Стрельников сел и долго сидел, со стороны, сбоку приглядываясь к худому, нездоровому лицу председателя.
— Слушай, — сказал он наконец, — а у колхозников, которые просят коров да телок, есть в личном хозяйстве свиньи да овцы?
— У кого есть, а у кого нету.
— А нельзя так сделать: вместо крупного рогатого скота сдать в госзакуп мелкий?
— Нельзя. По плану: говядина. Разве только ты как старший ветврач бумагу выдашь: колхоз, дескать, сдал то, что надо.
Стрельников выдал бумагу, а через день его вызвали на бюро райкома. Заявление: старший ветврач Стрельников разрешил отдать коров колхозникам, а государству вместо высококачественной говядины всучил какую-то свинину и недозрелую баранину. Одним словом, обман, антигосударственная практика! (Кстати, заявление, как потом выяснилось, накатал один из колхозников, которому не досталось коровы.)

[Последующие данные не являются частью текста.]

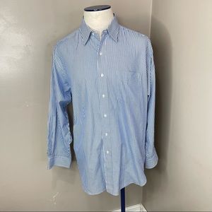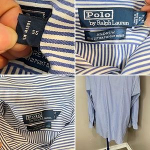 POLO Ralph Lauren Andrew Mens Blue Striped Button Down Dress Shirt Sz 17 (34-35) Cotton pinpoint Oxford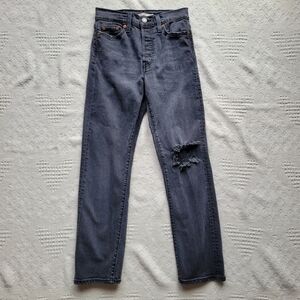 Levi's Distressed Wedgie Straight Leg Casual Everyday Coastal Denim Jean- Black

Секретарь райкома темной тучей навис над молодым ветврачом: отвечай! И от членов бюро несло крещенским холодом. И Стрельников в первую минуту перепугался насмерть, а потом вдруг вспомнил председателя с обрубком вместо руки и просто озверел:
— Это накормить-то крестьянских детишек молоком антигосударственная практика? Да зачем же нас с вами сюда прислали? Разве не для того, чтобы крестьянские дети молоко ели? Или вам плевать на крестьянских детей, поскольку сами получаете молоко с базы? Нет, то, что я сделал, это не антигосударственная практика, а единственно государственная и народная практика! Сказал, и не вышел, а вылетел вон. Члены бюро уставились на первого секретаря: что сделает тот? Сейчас, сию минуту, позвонит куда следует или покамест распорядится, чтобы заготовили приказ о снятии Стрельникова?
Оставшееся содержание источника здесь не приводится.